In the late 1920s, rural America was in the midst of an economic depression.
Grain prices had plunged and farmers tried to stay afloat by growing more wheat.
Then came the drought and wind.
A series of dust storms that hit the Great Plains over the next decade gave the era the nickname The Dirty Thirties. The worst of the storms fell on April 14, 1935, Palm Sunday, known as Black Sunday.
The survivors — now in their 80s and 90s — talk about dust so thick and fine it would find its way inside houses, despite wet sheets and towels hung around closed doors and windows.
Dust so intense it would collect on rafters in attics, causing roofs to collapse.
Dust that drifted like snow, filling ditches, covering farm implements and threatening the very lives of those who breathed it in.
Lucian Doll remembers being 14 and living on his family farm six miles north of Ellinwood when the storm hit.
He was in a field working with a team of horses.
"I had four horses pulling a harrow and I can see the horizon was black," said Doll, now 89 and living in Wichita. "When I get to the end of the row, I turned around to face it. It must have been a half mile from me — just a boiling wall of dirt coming at me."
He unhooked the horses and ran the animals a quarter mile back to the barn.
"By the time I put the horses in the stable and stepped out of the barn, I could not see the house 50 yards a way."

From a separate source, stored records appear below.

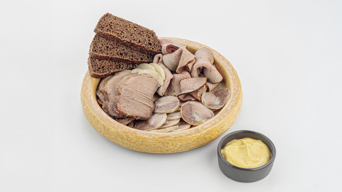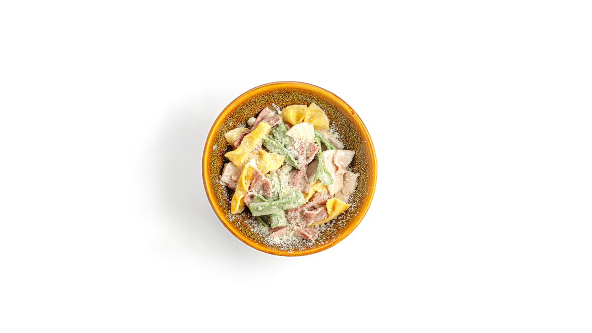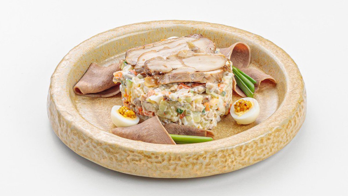 курица копченная, язык, яйцо перепелинное, картофель,морковь,огурец свежий,корнишон,майонез,зернистая горчица
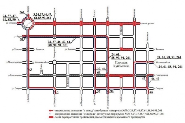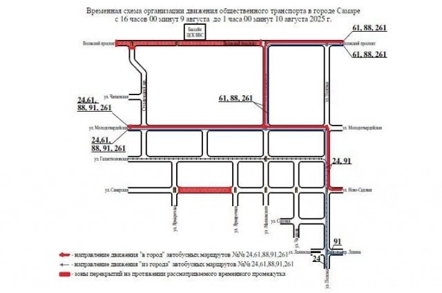 С 16:00 9 августа до 01:00 10 августа автобусы №№ 3, 24, 37, 46, 47, 61, 88, 90, 91, 226 и 261, а также троллейбусы № 6, будут ходить в объезд перекрытых участков, сообщили в администрации Самары.
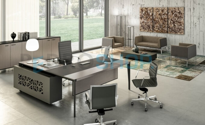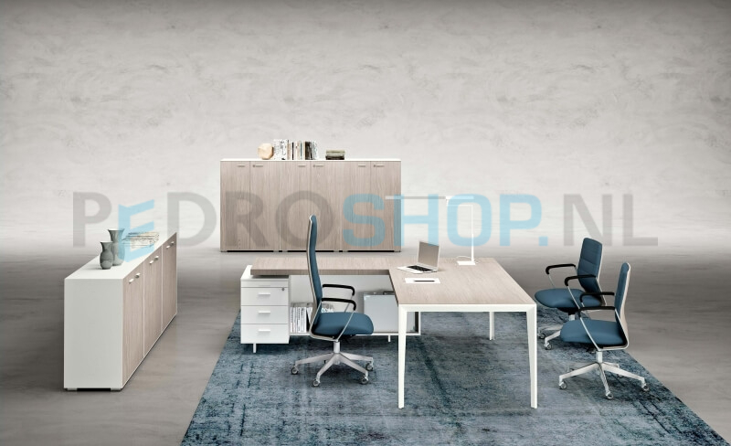X9 bureau van Quadrifoglio. X5 is ontworpen om uw directiekamer perfect in te kunnen richten door haar eindeloze configuraties en tijdloze uitstraling. Het metalen onderstel is leverbaar in wit en shadow grey en de bladen zijn uitgevoerd in melamine (leverbaar in 6 kleuren). Designed by Polloni
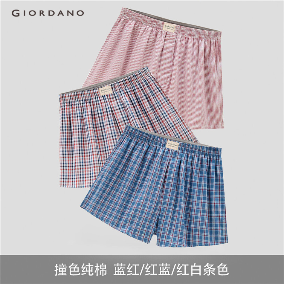 GIORDANO MEN 3-Pack 100% cotton contrasting boxers 18174139
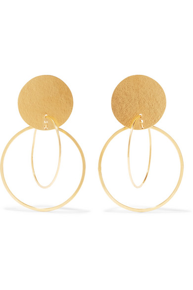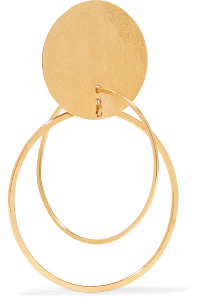 这款 “Halo” 金色耳环以手工将大号圆盘与纤细的圈环组合在一起,对比鲜明的尺寸营造出时髦之感。可搭配色彩鲜艳的服装。
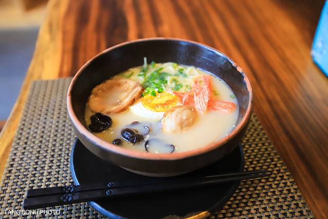 中午就在马鞍岭一家日式风格的餐厅吃起手面了,一进店就能看到书架上放着好多书,装修风格比较清新,客厅里灯光是暖色系,在这里吃饭比较温馨,没做一会儿美食就上桌了,我们先是吃面,一看就是比较日式风格的美食,面里的汤不错,比较浓厚,味道香。
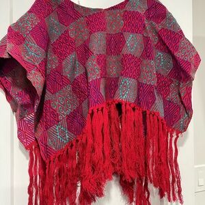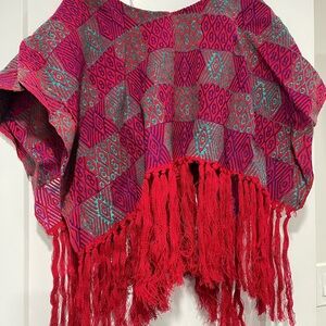 Colorful poncho featuring a geometric pattern in red and purple. Accented with fringe detailing.
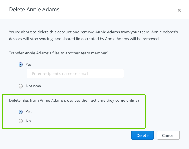 - In the pop-up window, choose to use account transfer now or later, and then select Yes for the option to delete files from that person’s devices the next time they come online.

The swirling clouds of red dust — topsoil from thousands of farms from Oklahoma, Texas, eastern Colorado and western Kansas blocked the sun, stalled vehicles and uprooted rural Americans by the thousands.
But Doll especially remembers the aftermath, when he walked his family's stubble fields and saw all the wild animals that had died in the storm and dead cattle standing upright, surrounded by the drifts of sand and dirt, their lungs filled with dirt.
"I thought the world was coming to an end. It was that terrible," he said.
The dust storms of the 1930's rank nationally among the most significant events of the 20th century, according to the National Weather Service.
Iconic books and songs would be written, such as John Steinbeck's "Grapes of Wrath" and Woody Guthrie's "Dust Pneumonia Blues."